Seth MacFarlane might be getting a FOURTH primetime animated series on FOX? D’oh. (Get it? You get it.)

Comments (19)
  1. Well, it’s about time.

  2. After booting Jeff Dunham from the lineup, Fox was probably worried about losing traction with the coveted 18-worst demographic.

  3. This is the best news I have heard today. In fact, I woke up this morning puzzled by the fact that Seth Macfarlane only has three animated shows. Thank you, FOX, I can now rest easy knowing that I can listen to poop/sex/gay/sexist/racist jokes for two hours a week now( hopefully all in a row).

  4. Well, I mean, that will be rounding out the FOUR ANIMATED SHOWS OF THE APOCALYPSE. So, it makes sense.

  5. I hope this show solely consists of references to unseen past events on MacFarlane’s previous three shows, then brief flashback segments to said events. Because comedy.

  6. I just really hope it’s a spinoff of one of his other great shows!

    • Or better yet, maybe they’ll just give him the Simpsons. Then we could see some truly awful episodes:
      -Santa’s Little Helper tarts talking
      -Maggie is gay and therefore (naturally) wants to kill Marge
      -Flanders gets paralyzed (and it’s funny)

      The possibilites are endless!

  7. Tonight Show with Jay Leno: The Animated Series

  8. I smell one gigantic crossover episode in the future! Family Guy for the ages! What happens when Stan from American dad, the fat bear from the Cleveland show and the talking pile of shit from Seth McFarland new animated series takes a road trip to Quahog?

    I’m not sure but I do know it will be hilarious!*

    *By hilarious I mean the worst.

  9. Seth: “My first show is wildly successful. My next one, far, far less successful. My third one, even less successful than that. I DON’T PAY ATTENTION TO ANYTHING, GIVE ME NUMBER FOUR MOTHERFUCKERS.”
    Fox Execs: “Well, he has a point. We are indeed motherfuckers. Green light! Now someone get me some cocaine to inject into my left nipple.”

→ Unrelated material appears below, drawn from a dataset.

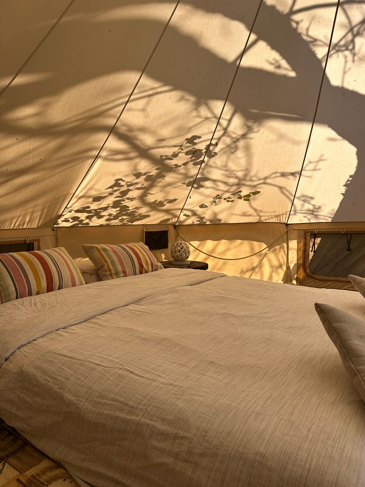 Welkom in onze prachtige bell-tent op het veld. Hou je van het buitenleven maar toch ook van wat luxe kamperen, dan ben je bij ons helemaal op je plek. We verhuren het achterste plekje op ons veld, hierdoor kan je genieten van voldoende privacy en helemaal tot rust komen. Maak een gezellig kampvuur, neem je fiets mee of ontdek de omgeving te voet. We wonen tussen de velden maar toch ook dichtbij Diest voor een gezellig uitstapje.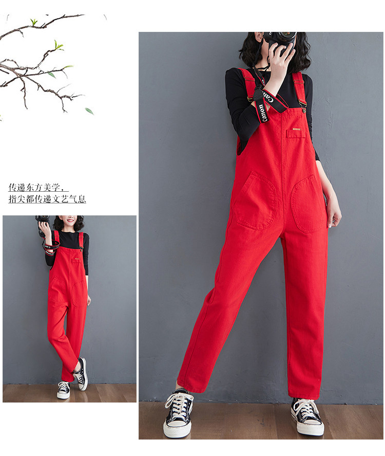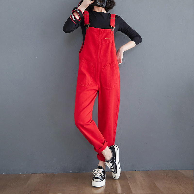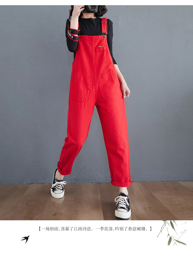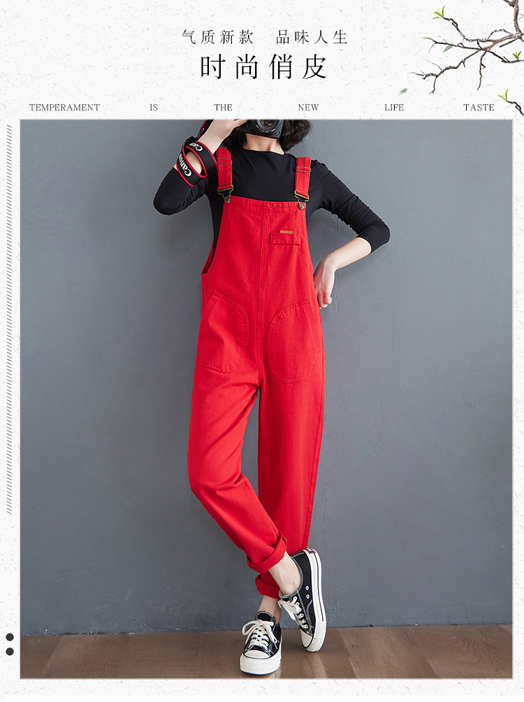 Красный джинсовый комбинезон, штаны для школьников и студентов, коллекция 2022, в корейском стиле

  10. Whatever, I heard news today that Joss Whedon might be doing something over at FX in the future, so nothing can bring me down. Not even looking at a picture of Seth MacFarlane’s cold, dead eyes.

  11. It was rumored Seth MacFarlane had been toying around with a story about a Japanese WWII era, American propaganda stereotype who lives in a tree house with his talking South African Ferret who is also a pedophile but the children are represented by baby animals so its totally funny.